What is the difference between run and script_file?

Both fields live on RunCommandArgs in crates/terminator-mcp-agent/src/utils.rs at line 963. run is inline source code as a string. script_file is a path to a file on disk. Exactly one of the two must be provided. When script_file is used, the resolver tries scripts_base_path first, then the workflow directory, then the path as-is. Reading the file fails fast with a clear error and the list of resolution attempts. This is the part that lets a workflow author keep larger scripts on disk under version control and reference them by name from a YAML, instead of stuffing 200 lines of TypeScript into a YAML string.

Does the script have access to environment variables?

Yes, two ways. The env field on RunCommandArgs accepts a JSON object that the runtime injects into the script. JSON strings inside that object are auto-parsed back into objects or arrays so a value like '[1,2,3]' arrives as an actual array, not a string you have to JSON.parse yourself. Variables also become bare identifiers in JavaScript and Python; you do not need an env. prefix. On top of that, regular process environment variables (PATH, USERPROFILE, all the rest) are inherited the way any spawned process inherits them.

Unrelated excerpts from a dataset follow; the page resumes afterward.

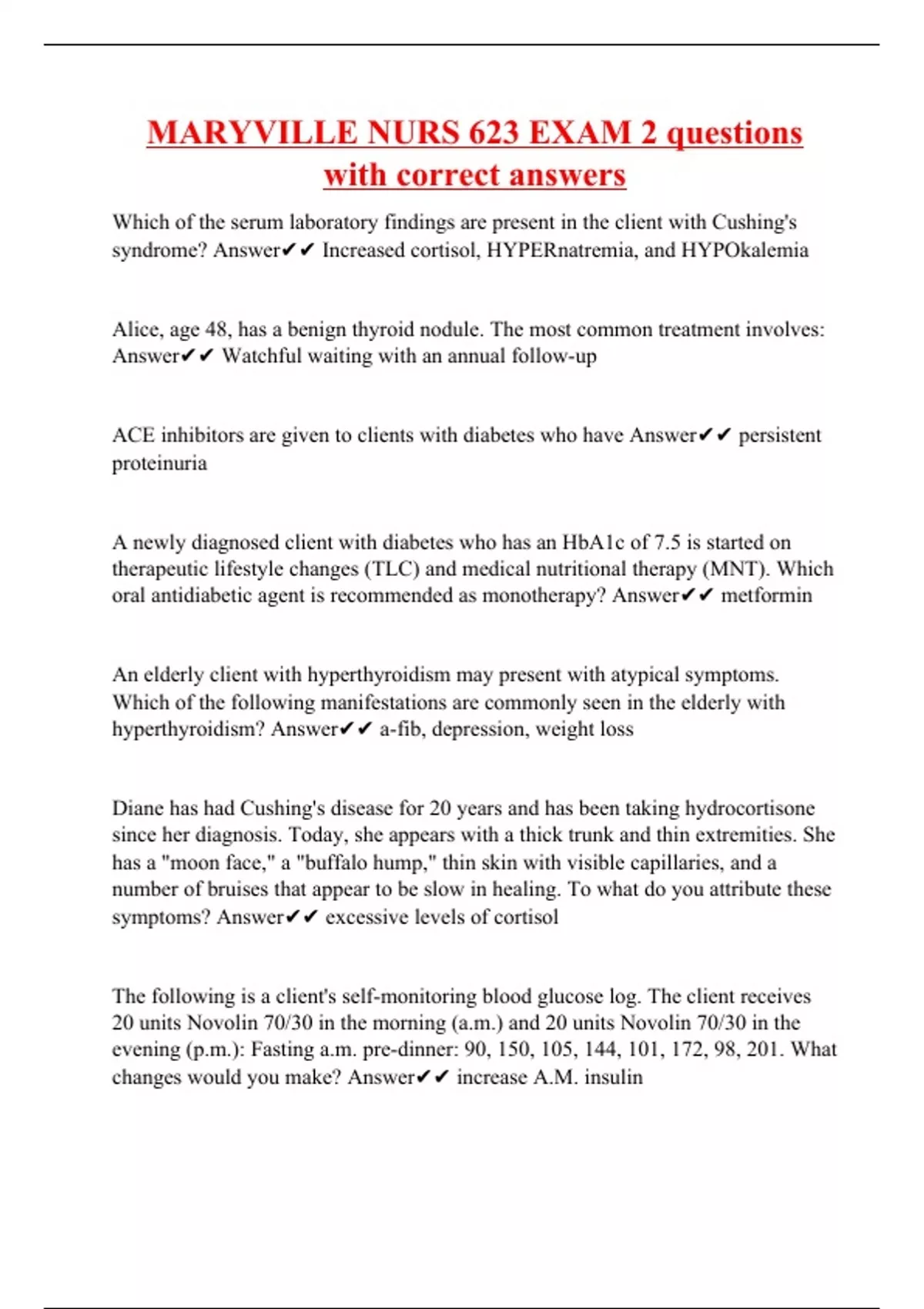Which of the serum laboratory findings are present in the client with Cushing's syndrome? Answer Increased cortisol, HYPERnatremia, and HYPOkalemia Alice, age 48, has a benign thyroid nodule. The most common treatment involves: Answer Watchful waiting with an annual follow-up ACE inhibitors are given to clients with diabetes who have Answer persistent proteinuria A newly diagnosed client with diabetes who has an HbA1c of 7.5 is started on therapeutic lifestyle changes (TLC) and medical nutritional therapy (MNT). Which oral antidiabetic agent is recommended as monotherapy? Answer metformin An elderly client with hyperthyroidism may present with atypical symptoms. Which of the following manifestations are commonly seen in the elderly with hyperthyroidism? Answer a-fib, depression, weight loss Diane has had Cushing's disease for 20 years and has been taking hydrocortisone since her diagnosis. Today, she appears with a thick trunk and thin extremities. She has a "moon face," a "buffalo hump," thin skin with visible capillaries, and a number of bruises that appear to be slow in healing. To what do you attribute these symptoms? Answer excessive levels of cortisol The following is a client's self-monitoring blood glucose log. The client receives 20 units Novolin 70/30 in the morning (a.m.) and 20 units Novolin 70/30 in the evening (p.m.): Fasting a.m. pre-dinner: 90, 150, 105, 144, 101, 172, 98, 201. What changes would you make? Answer increase A.M. insulin
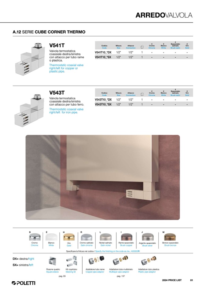 Specificare la finitura nel codice / Specify the finishing on the code es./ex.: A55600R
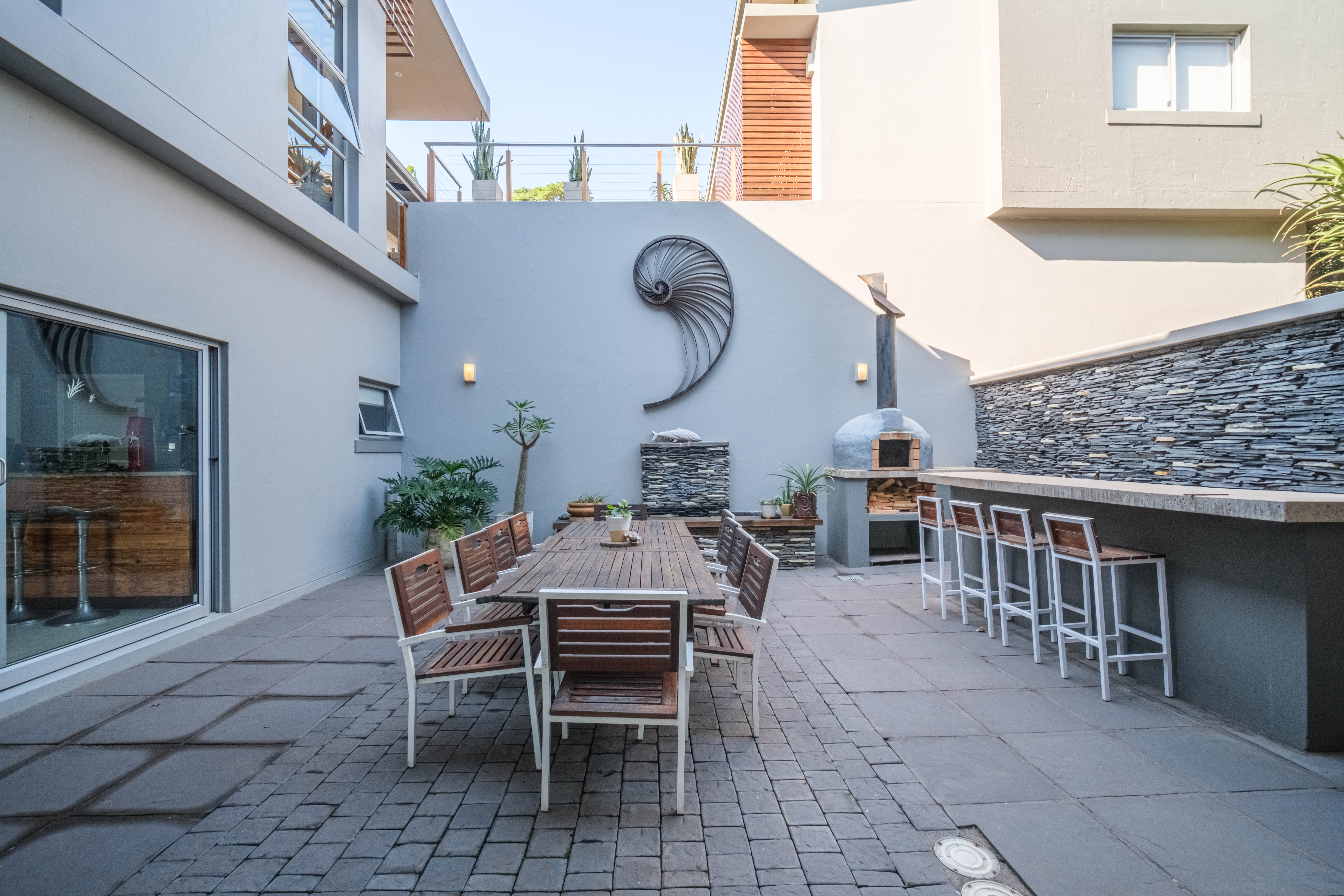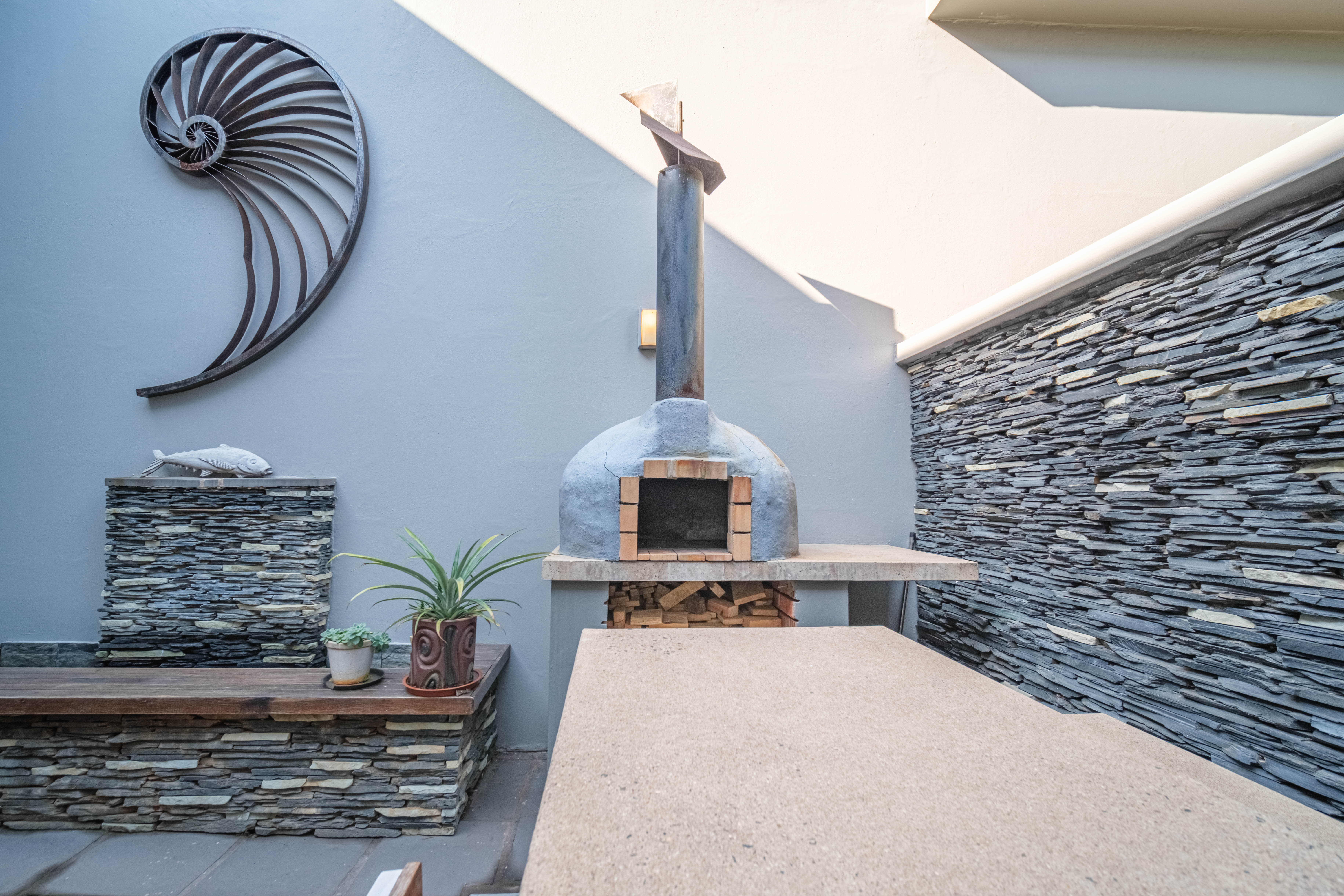 Step outside into your own entertainer’s paradise: a private courtyard with built-in braai, pizza oven, and fire pit—perfect for long evenings under the stars.

What gets returned from a script step?

The wrapper writes a sentinel-bracketed result to stdout: __RESULT__<json>__END__ on success, __ERROR__<json>__END__ on failure. The MCP server parses that envelope, extracts the structured value, and packages it back as the tool result alongside captured logs (stdout and stderr). If include_logs is true (default) those logs ride along, and on errors they are always included regardless of the flag. include_monitor_screenshots adds a base64 screenshot of every monitor at the end, useful for the LLM to see what the script left on screen.